From here to there: a proposed mechanism for transforming journals from closed to open access

David C. Prosser
Director, SPARC Europe
© David C. Prosser 2003

ABSTRACT: A major barrier to the greater take-up of an open access model for journal publishing has been the concern of many journal owners that they will not easily be able to migrate from the current subscription-based model to open access. This paper presents a potential migration path which should significantly reduce the financial risk to journal owners, while allowing them to offer open access to their authors.

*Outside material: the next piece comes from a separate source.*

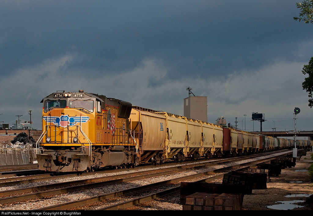Storm light gathers of UP 4774 as it departs CP's Bensenville Yard.

There has been a great deal of debate recently regarding open access journals. In particular, the last twelve months have seen increasing interest in open access from academics, librarians, funding agencies and publishers, and the debate appears to be intensifying.1 Open access journals make the papers published within them freely available online to all interested readers with access to the Internet. This marks them out from ‘closed access’ journals that only allow papers to be read by somebody with a subscription to the journal (either directly or through their institution). Open access journals are not free journals – they are only free to the reader. There are costs in the peer-review process and the production of a journal (even if it is only online), and while estimates of the actual costs vary, the costs are real and must be met. Open access journals will survive only if they can raise sufficient funds to cover the costs of publication (plus whatever profit margin is considered reasonable by the journals’ owners and is supported by the market).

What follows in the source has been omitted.